Verloskundigenpraktijk Ommen

Stuitligging

Bijna alle baby’s liggen vlak voor de bevalling in de juiste houding, met het hoofdje naar beneden. Maar een klein aantal ligt in een omgekeerde houding, ook wel stuitligging genoemd.
Er zijn verschillende soorten stuitliggingen afhankelijk van hoe de baby ligt:

  • Onvolkomen stuitligging: de benen liggen helemaal omhoog naast het lichaam, zodat het kind als het ware op zijn tenen kan sabbelen.
  • Volkomen stuitligging: de bovenbenen zijn langs het lichaam gestrekt, maar de knieën zijn gebogen als in kleermakerszit.
  • Half onvolkomen stuitligging: één been ligt gestrekt naar boven zoals bij een onvolkomen stuitligging, het andere been ligt naar beneden, zoals bij een volkomen stuitligging.
  • Voetligging: het kind ligt met één of beide benen gestrekt naar beneden, zodat een of twee voetjes onder de billen liggen.

 

Bij een stuitligging ligt de baby met het hoofd bovenaan in de baarmoeder en met het achterwerk (of de stuit) naar beneden. Voor de bevalling houdt deze positie extra risico’s in. De gynaecoloog kan daarom proberen het kind te draaien zodat het met het hoofd beneden komt te liggen.  Er wordt eerst een echo gemaakt om te bepalen of draaien mogelijk is. Dat is onder andere afhankelijk van de ligging van je baby en de hoeveelheid vruchtwater. Het meest geschikte tijdstip om de baby te draaien is bij een zwangerschap van 36 weken. Indien dit niet lukt wordt meestal geopteerd voor een keizersnede, vanwege het grote risico die stuitbevallingen met zich meebrengen.
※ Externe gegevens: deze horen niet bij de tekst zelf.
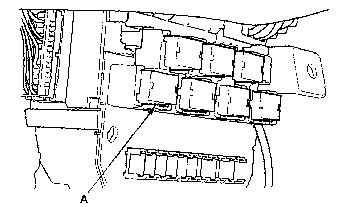 2. Remove the left kick panel, then remove PGM-FI main relay 2 (FUEL PUMP) (A) from the under-dash fuse/relay box.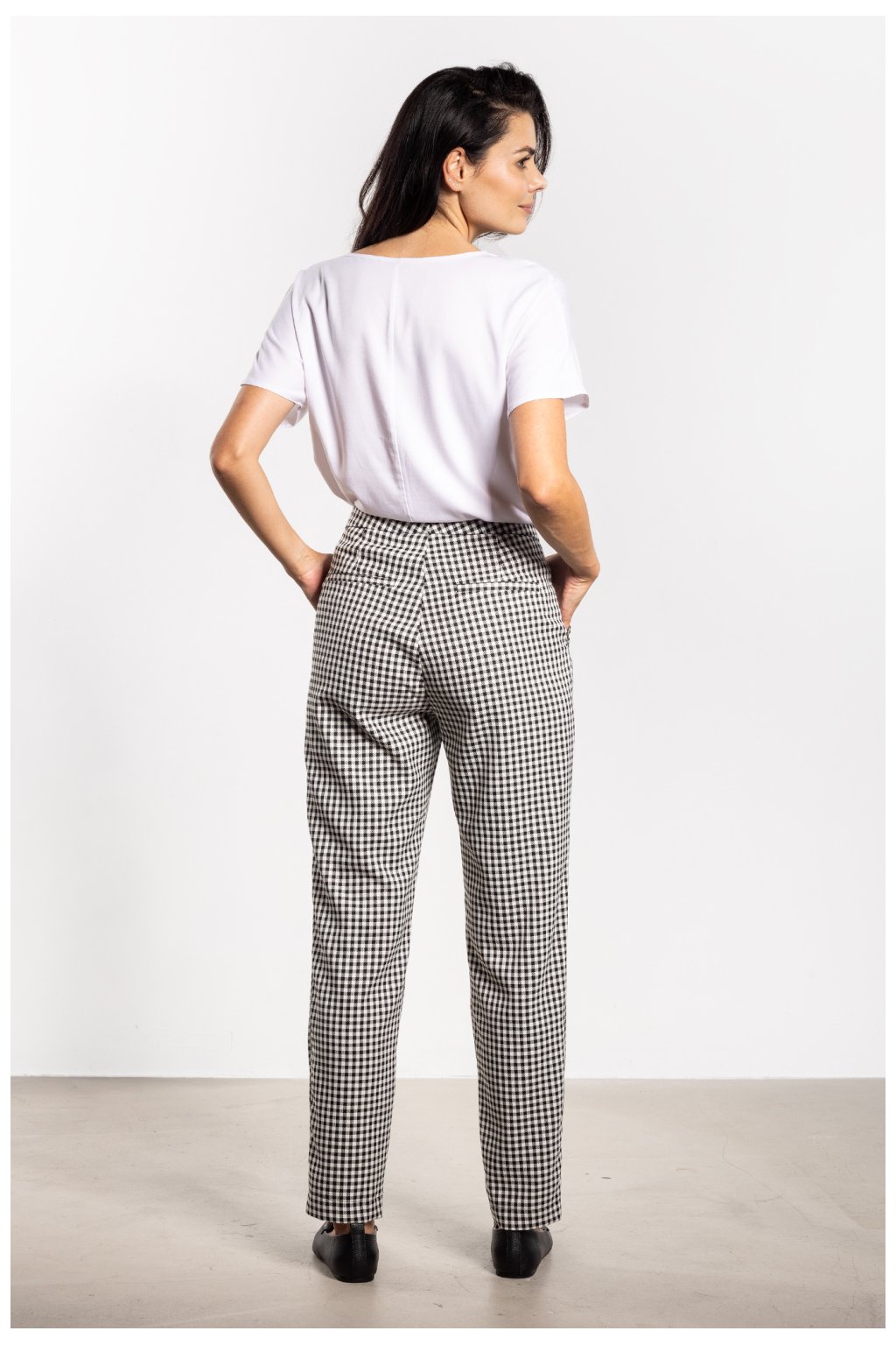 Elegantní cigaretové kalhoty v nadčasovém vzoru kříže spojují styl a pohodlí. Jednoduchý, přizpůsobivý střih krásně padne na postavě a střední výška pasu poskytuje pohodlí po celý den. Charakteristická křížovka dodává eleganci, díky čemuž se kalhoty hodí jak do kancelářských, tak každodenních stylizací. Praktické boční kapsy zvyšují funkčnost a univerzální design umožňuje kombinovat je s košilemi, svetry nebo sako, vytvářející různorodé, efektní vzhledy.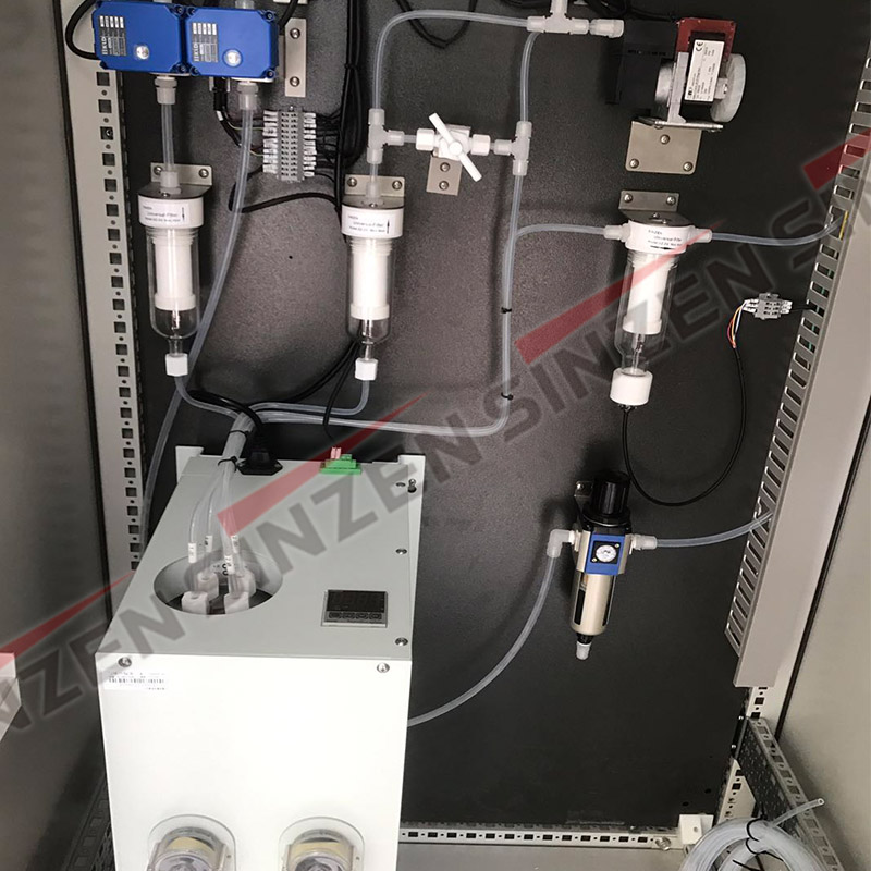 緊接著到了下面,把量程氣通到采樣球閥的上面那根管,最終顯示的數據也是差了好多。隨后跳過冷凝器,直接在第三過濾器的進口通氣,過了幾分鐘之后,分析儀數據和標氣瓶上的值相對穩定。回過頭來再去找冷凝器的問題,先是把量程氣通到二進口。過了幾分鐘發現數據也能夠相匹配,然后我再往前找,在冷凝器的一進口通氣。過了幾分鐘之后數據差了許多,隨后判斷出問題不是冷腔的問題,那就是蠕動泵的問題,正好我隨身帶了一個蠕動泵。將他換好之后,再次往讓球閥的位置進行標氣。幾分鐘碳看分析儀上的數據,完全可以和標氣瓶上的值相匹配,最后判斷為蠕動泵進行排水的過程中,沒有把水排出去,導致管路中堵塞。大部分的氣沒有到分析儀。蠕動泵換好之后,又把量程氣在各個地方通了一遍,均沒有問題。都能夠相   匹配。準,讓現場負責人聯系銷售購買80%的量程氣。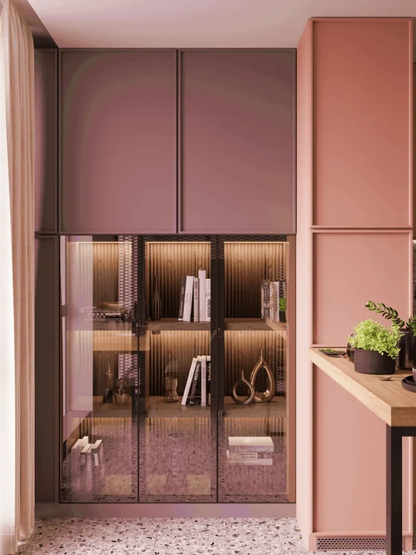 Яркий акцент проекта – цветовая палитра и пастельные элементы в кухне.

Vroeg in de zwangerschap komen stuitliggingen veel voor. In de periode tussen de 20 en 25 weken ligt ongeveer één op de drie kinderen met het hoofd naar boven. Naarmate de zwangerschap vordert, draaien de meeste baby’s met hun hoofd naar beneden. Acht weken voor de uitgerekende datum ligt 10 tot 15 procent van de kinderen nog in stuitligging. Rond de uitgerekende datum is dat bij 3 op de honderd kinderen het geval.